Objects may be created by assigning the result of an operation to the name of the object.

In [None]:
x = 5

Typing the name of a variable will cause the value of that variable to be printed.

In [None]:
x

In a notebook, only the most recent output is printed.

In [None]:
y = 100
y
x

### Multiple assignment

Python has support for multiple assignment. Check this out:

In [None]:
x = 2
y = 5
x, y

x, y = y, x

x, y

## Data types

Python data types are about what you would expect from a programming language. Scalar/primitive types are as follows:

* boolean
* integer
* float
* string

There are also `complex` and `bytes`. We will not go into those. Just for fun, though, here's a complex number:

In [None]:
(-4) ** (1 / 2)

You can query the object type using the `type()` function. 

In [None]:
type(2)
type(2.0)
type(5 // 2)  # We'll see why soon

## Casting

You can cast from one to another using functions like:

`bool(some_value)`  -> boolean
`int(some_value)`   -> integer
`float(some_value)` -> float
`str(some_value)`   -> string

Upcasting runs as: boolean -> integer -> float -> complex -> string

In [None]:
some_value = True
some_value
int(some_value)
float(some_value)
str(some_value)

Downcasting works when a conversion may be made unambiguously. Note that you may lose precision!

In [None]:
bool('True')
int(5.6)
float('5.0')
int('5')

x = True
y = False

x and y
x or y

type(x)

name = 'Dave'

name

type(name)

x + name

5 * 'Dave'

### More on strings

Strings are delimited by single or double quotes.

In [None]:
'This is a string'
"And so is this"

You can create a multi-line string by using triple quotes

In [None]:
"""This string will take more than one line
Here's the second line.
"""

To include a single quote character, you can use double quotes, or escape the single quote with a `\` character.

In [None]:
print("This'll do for an apostrophe")
print('This\'ll also do')

Speaking of `\`, if you need one, you'll need to type it twice.

In [None]:
print("The modulus operator is given by \\")
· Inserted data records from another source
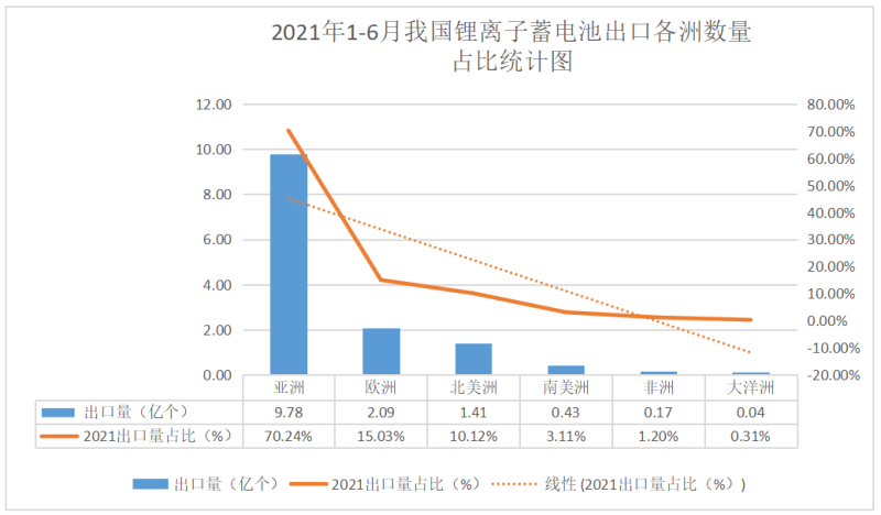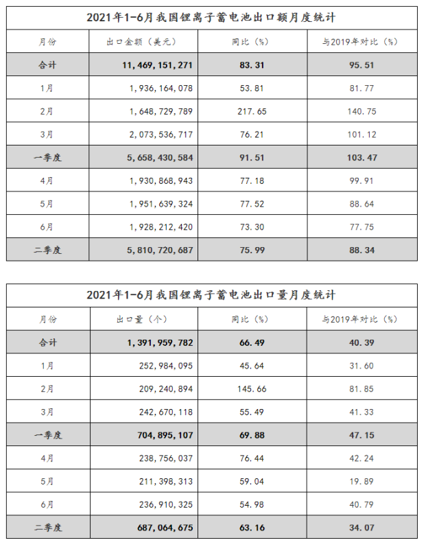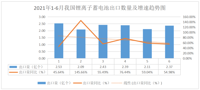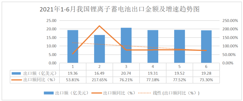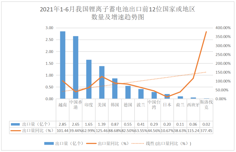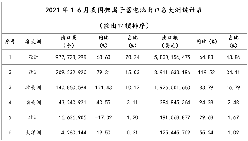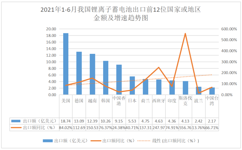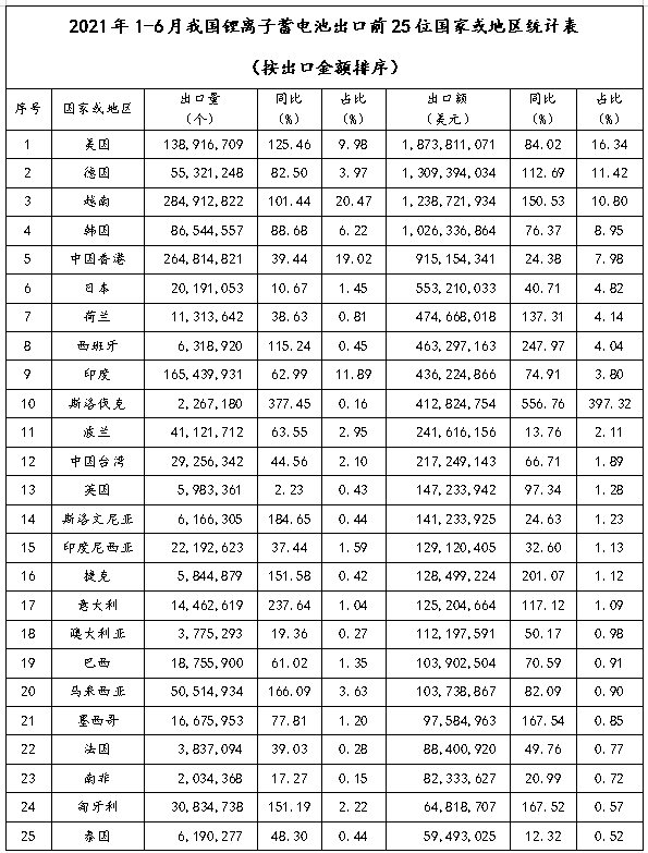 根據(jù)海關(guān)出口數(shù)據(jù)統(tǒng)計(jì)分析,2021年1-6月中國(guó)鋰離子電池出口額達(dá)到114.69億美元,同比增長(zhǎng)83.31%;出口數(shù)量達(dá)到13.92億個(gè),同比增長(zhǎng)66.49%。前十大出口目的地為美國(guó)、德國(guó)、越南、韓國(guó)、中國(guó)香港、日本、荷蘭、西班牙、印度、斯洛伐克,出口額合計(jì)為87.03億美元,占2021年1-6月出口總額的75.88%;出口數(shù)量合計(jì)為10.36億個(gè),占2021年1-6月出口總量的74.42%。
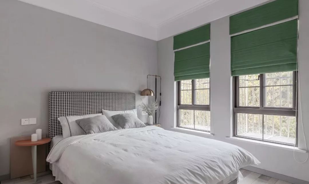 次臥設(shè)計會更為素雅一些,整體以灰色為主,搭配白色的床品和綠色的窗簾,在角落里放著一個別致的落地燈,更是創(chuàng)意時尚
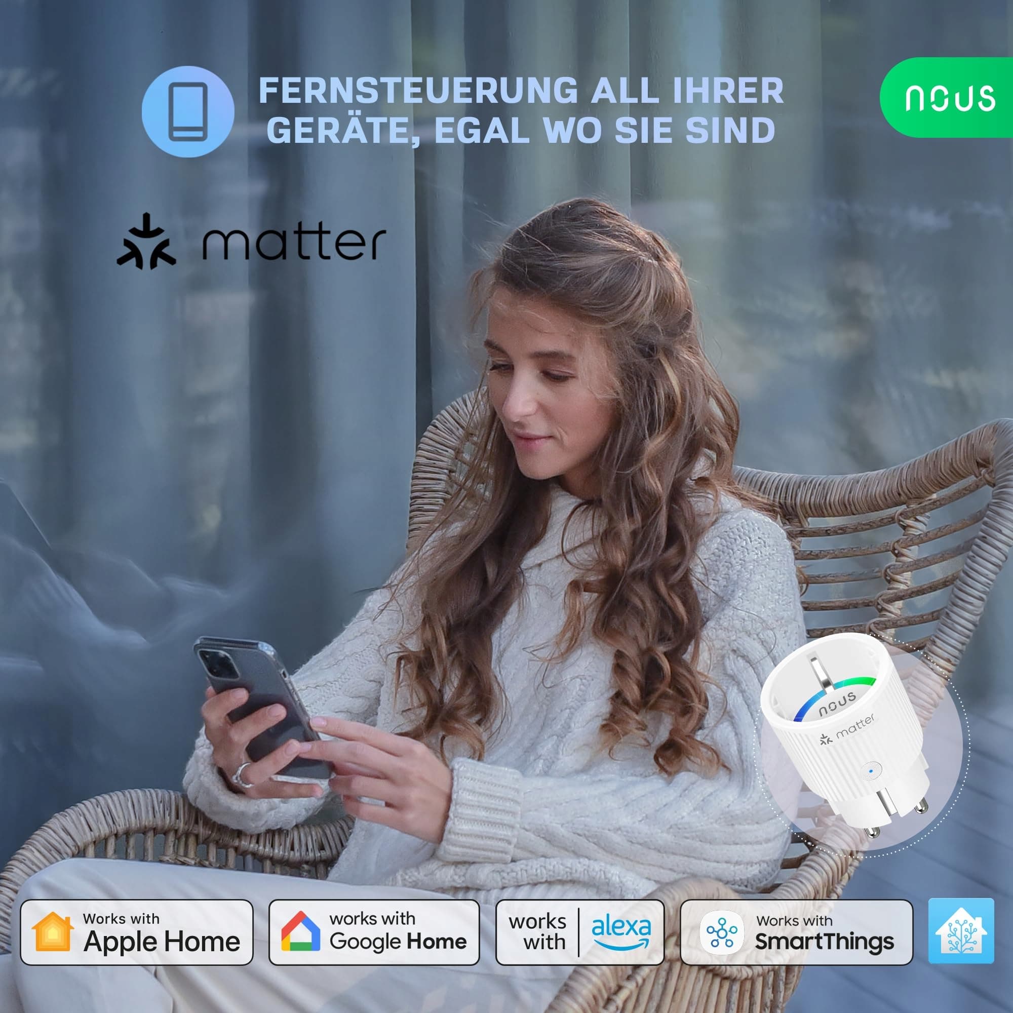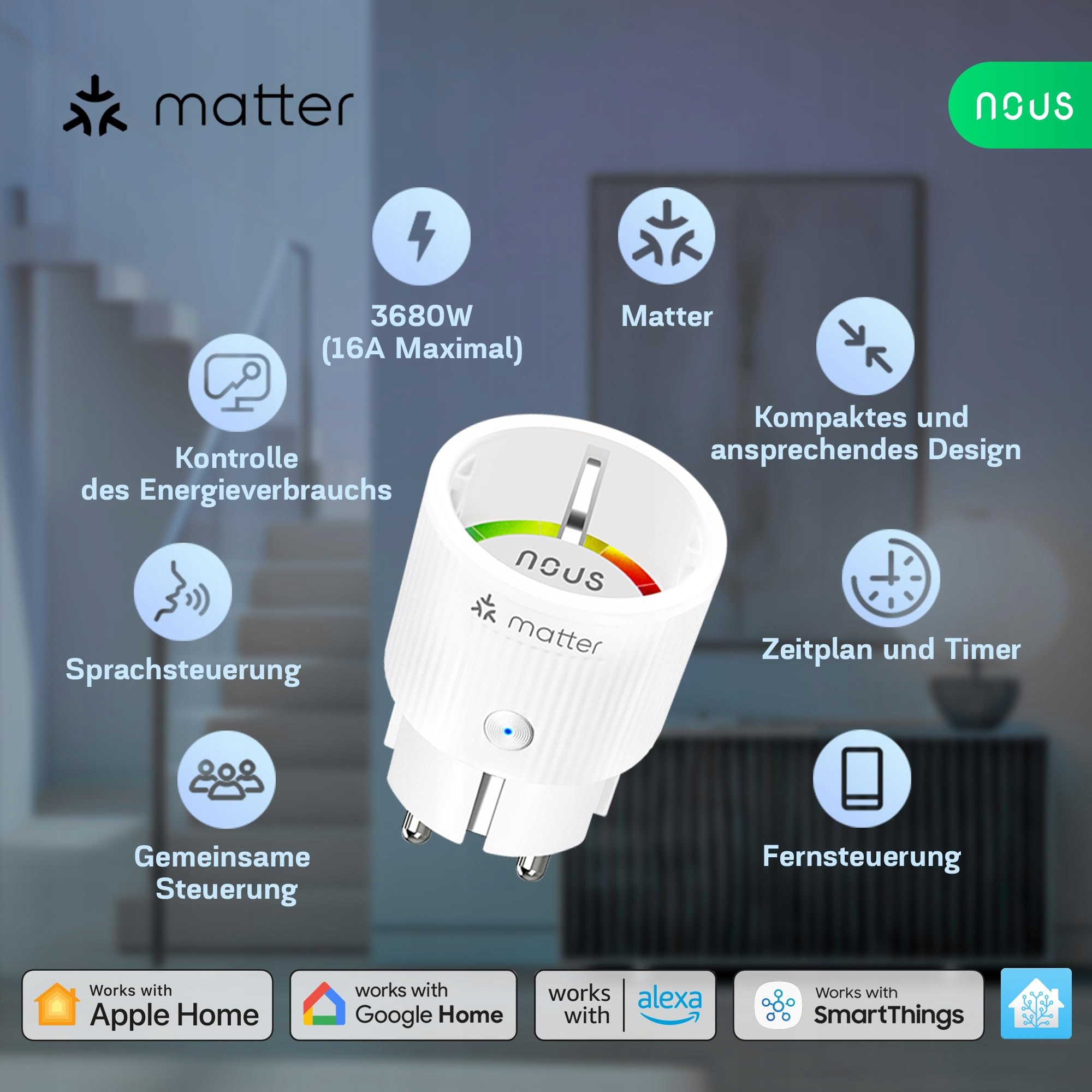 Gniazdko Smart NOUS Matter z pomiarem zużycia energii, 16A 3840W, kompatybilne z Alexą, Google Home, Tuya, Apple Home, Smart Things, zdalne sterowanie aplikacją, WiFi 2,4 GHz, IP20

`\n` and `\t` are special characters which will give a new line and tab, respectively.

In [None]:
"I'm done with this line.\nTime for another"
"Wait for it: \tHere is is"

## Operators

Most operators are binary. Negation (in a numeric, not a logical sense) is about the only unary operation we'll encounter. Technically, `+` is also a unary operator, but it has no effect, so if fairly trivial. It will not convert a negative number to a positive, it simply returns the operand.

In [None]:
-5
+5
+(-5)

### Numeric

Numeric operators are the ones we encounter is basic math. One potential gotcha for R/Excel users is that the caret operator is a bitwise XOR, _not_ exponentiation. 

In [None]:
2 + 5
2 * 5
2 / 5
2 // 5  # Drop the remainder
2 % 5   # Return the modulus
2 ** 5  # Exponentiation

The `+` and `*` operators can also work on character data. We'll see more of this in a moment.

### Logical comparison

In [None]:
2 == 5  # Note the double equal sign!
2 != 5
2 < 5
2 > 5

### Logical operators

Logical operators use the very expressive and brief English words `and` and `or`.

In [None]:
True or False # logical OR
True and False # logical AND

Don't confuse them with the bitwise operators `&` and `|`. They're equivalent for logical objects, but not so for integers. They don't work at all for floats.

In [None]:
True | False
True or False

1 or 4
1 | 4

1.0 or 4.0
1.0 | 4.0

True & False
True and False

1 and 4
1 & 4

### Operate and assign

You can use the basic operators with an equal sign to alter an object in place.

In [None]:
x = 5
x
x += 4
x

y = "Dave"
y += " Thomas"
y

### String operations

The `+` and `*` operator can also apply to strings. This has to do with the properties of a list object, which we'll get to later. Logical comparisons also work.

In [None]:
'Dave' + 'Thomas'
'Dave' * 3
'Dave' * 'Thomas'
'Dave' < 'Thomas'
'Dave' > 'Thomas'

In [None]:
float(x)

str(x) + name

### f-strings

An `f-string` is a way to have objects formatted and placed into a string, as below.

In [None]:
f'It is {x} that my name is {name}.'

f'Pi is equal to {3.1415927:.3f}'

In [None]:
name.upper()

Note that often methods on objects do not change the objects themselves. Some functions - particularly in Pandas - will modify an object in place.

In [None]:
name
name = name.upper()
name

## Modules

Functionality beyond what is found in the base install is available by importing other modules. Similar to an Add-in in Excel, or a package in R.

Three ways to do this.

1. `from [package] import [item_1], [item_2]`
2. `import [package] as [abbreviation]`
3. `import [package]`

The first option will bring those items into the global namespace.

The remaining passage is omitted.